I understand your frustration with a bleak situation - and I personally am frustrated too - probably more so. But, that's not going to change the reality around us. We are not seeing 3,000 people die of emotional and economic damage - or of a deterioration in quality of life. You can come out of a depression and recover from the emotional toil. Death unfortunately is permanent.
We speak of the balance between economic freedom and public health - between lockdowns and jobs. Well, in the US, there hasn't been a true lockdown at any time in this pandemic. We had (and now have again) a few states taking matters in their own hands, but nationally it's been a free-for-all. We have been - so to speak - throwing bandages at a disease We are also quick to demonize anyone wanting to take a harder stance.
And there is nothing to show for it. This is the third wave - the largest yet. Nearly 3,000 daily deaths are at hand. The GDP and job numbers are in the toilet. Careers, as you note, are getting decimated. Politicians are fighting. And there is little hope until a mass vaccination - by when expect a few more industries to disappear and a few hundred thousand more graves to appear.

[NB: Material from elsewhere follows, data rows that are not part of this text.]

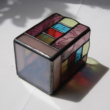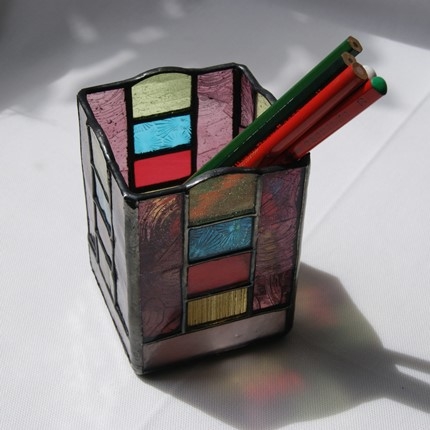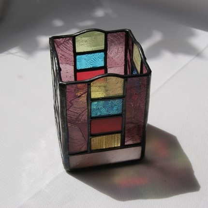 少し贅沢にガラスで出来た、ステンドグラスの鉛筆入れです。鉛筆に限らず、キャンドルホルダーにしたり、中に瓶等を入れて花や植物を飾ったり、と用途は沢山ありそうです。真ん中の部分は周りの色に合わせて、マルチ色の4段積みにしました。窓辺に置いたら、日の光の中に七色が浮かび上がりそうです。
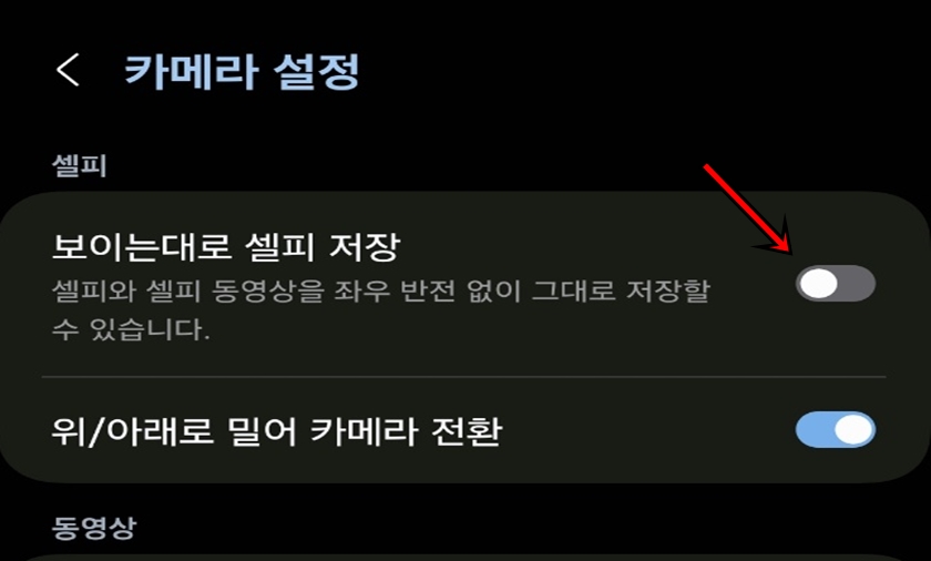 보통 셀카를 찍을 때 좌우가 바뀌어서 찍히게 되는데, 좌우반전을 설정하면 사진이 더 자연스럽고 부드러운 이미지를 만들 수 있어요. 격자 설정과 마찬가지로 카메라 설정에 들어오시면 위 사진처럼 셀피 항목에서 "보이는 대로 셀피 저장"을 활성화해 주시면 돼요 간단하죠?
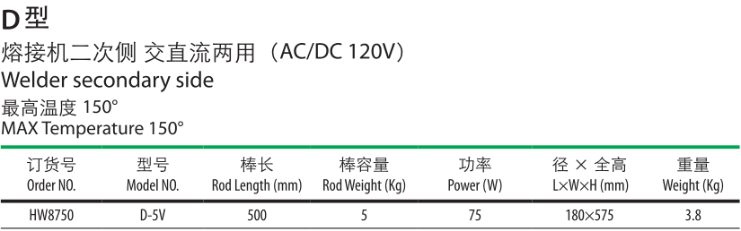 D型熔接機(jī)二次側(cè)交直流兩用。
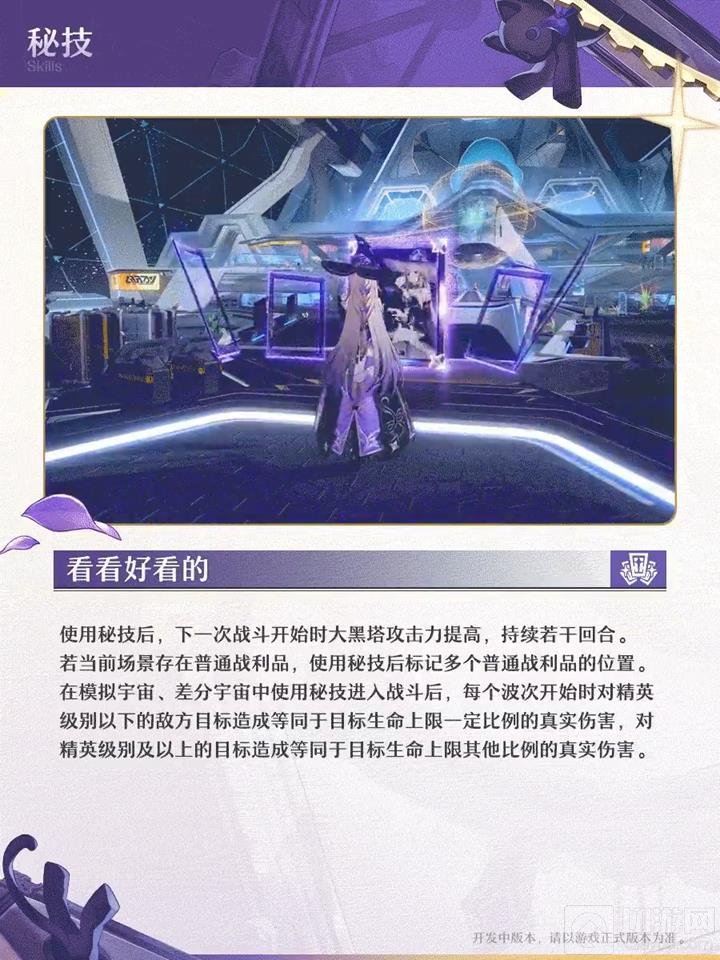大黑塔的秘技“看看好看的”在探索和战斗中都有重要作用。使用后,下一次战斗开始时,她的攻击力提升60%,持续2回合。此外,秘技还能在当前场景中标记最多3个普通战利品的位置,为队伍提供额外资源。在模拟宇宙和差分宇宙中,秘技进入战斗后,每个波次开始时会对精英级别以下的敌人造成99%生命上限的真实伤害,对精英级别及以上的敌人造成30%生命上限的真实伤害。这一技能极大地提升了她在高难度副本中的实用性。
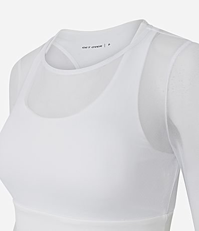 Top feminino esportivo com bojo, confeccionado em microfibra. Possui sobreposição em tule, alças largas que proporcionam maior sustentação, decote em u e costas nadadora.
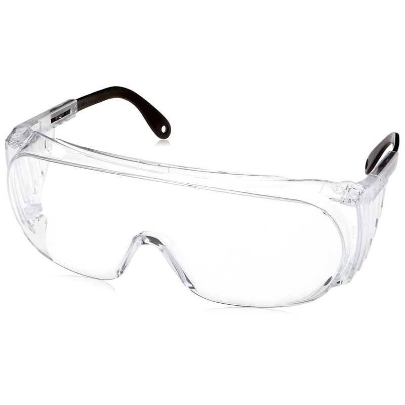 - SAFETY & COMFORT: Wraparound uni-lens design and built-in side shields protect against flying debris, splashes, airborne droplets etc.; side shields feature venting for better airflow and comfort; adjustable temple length ensures comfortable, custom fit
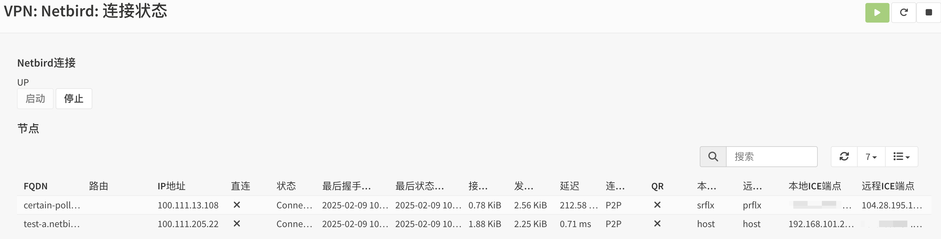 可以查看节点的连接状态。
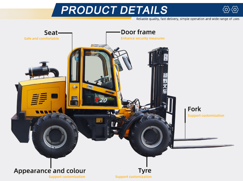 This versatile 2-ton off-road forklift delivers power and reliability where you need it most, from construction sites to lumber yards. Customize critical aspects like the power source (e.g., diesel), operator cabs, and safety features to match your local environment and operational demands. Key benefits include superior traction on loose or muddy surfaces, minimized downtime thanks to a robust build and accessible service support, and a lower total cost of ownership for a swift return on your investment.
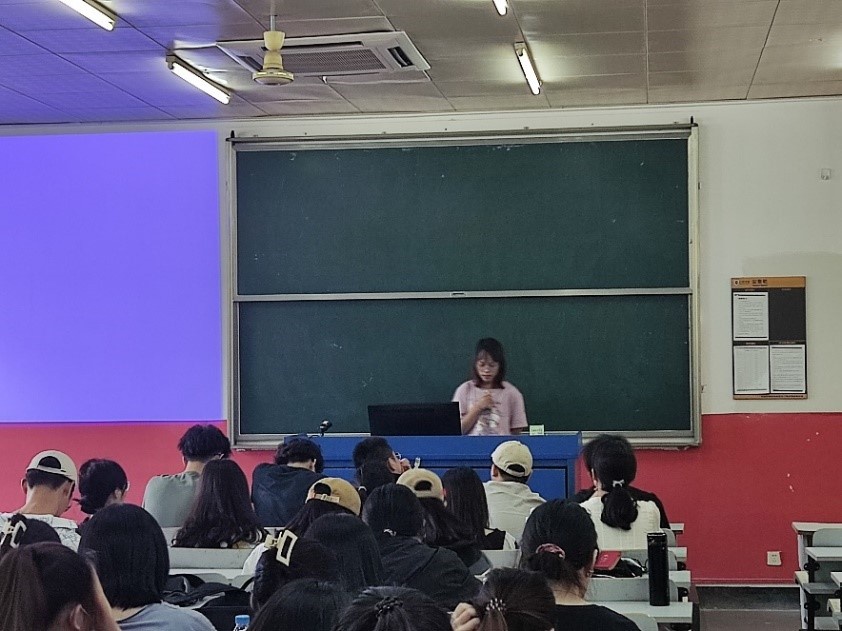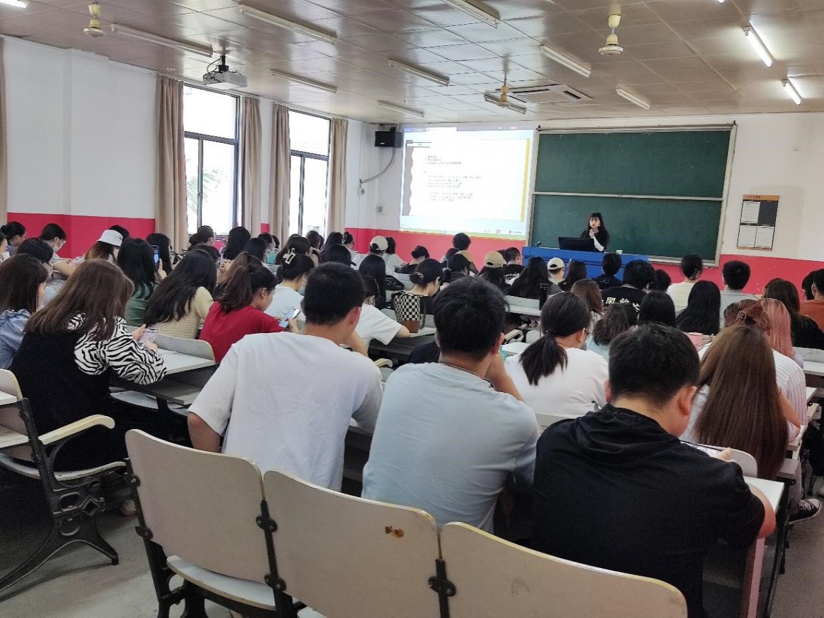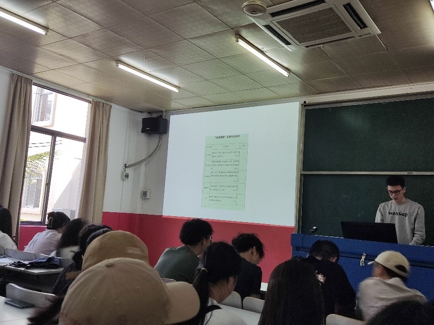 班会的第一个环节是大学英语的学习技巧分享。韦英同学分享了她学习英语的方法以及考四六级时的注意事项。她和大家分享了自己在学习英语会用到的软件和技巧,同时讲述了自己高中时被老师追赶着学习英语的回忆,正是严师出高徒,由她老师的压力给她打下了坚实的基础。也让大家明白,学习没有捷径,唯有坚持和努力。

Why is the simple truth lost on so many? You cannot have an economic recovery until this virus is gone. You want jobs? Show this virus the door first.
Messaging of hope is great. It hasn't worked so far this year, but maybe third time is the charm! The right approach - the only approach short of a mass vaccination - is to lock down everything for a month and pay everyone a check to stay at home. Do it nationally - with aggressive testing and contact tracing. While there is no evidence of a whilly whally, half-hearted containment path to recovery, there is plenty of evidence why a decisive approach works. You avert a public health crisis BECAUSE OF WHICH your economy gets a jump start. Here are three examples.
The epicenter:
https://www.nytimes.com/2020/10/18/business/china-economy-covid.html
Well, give me an eye roll - I know. How about South Korea?
https://foreignpolicy.com/2020/09/1...conomic-impact-recession-south-korea-success/
If you insist on 'G-7', check out Japan, which has less than 2,500 total COVID deaths to show to date.
https://www.bbc.com/news/business-54955484
To be clear, no one is out of the woods yet. The virus is still very much raging. What we do see is that if you are able to contain this virus, you begin to have your economic freedom back. These two problems are intertwined - you can't solve one without solving the other.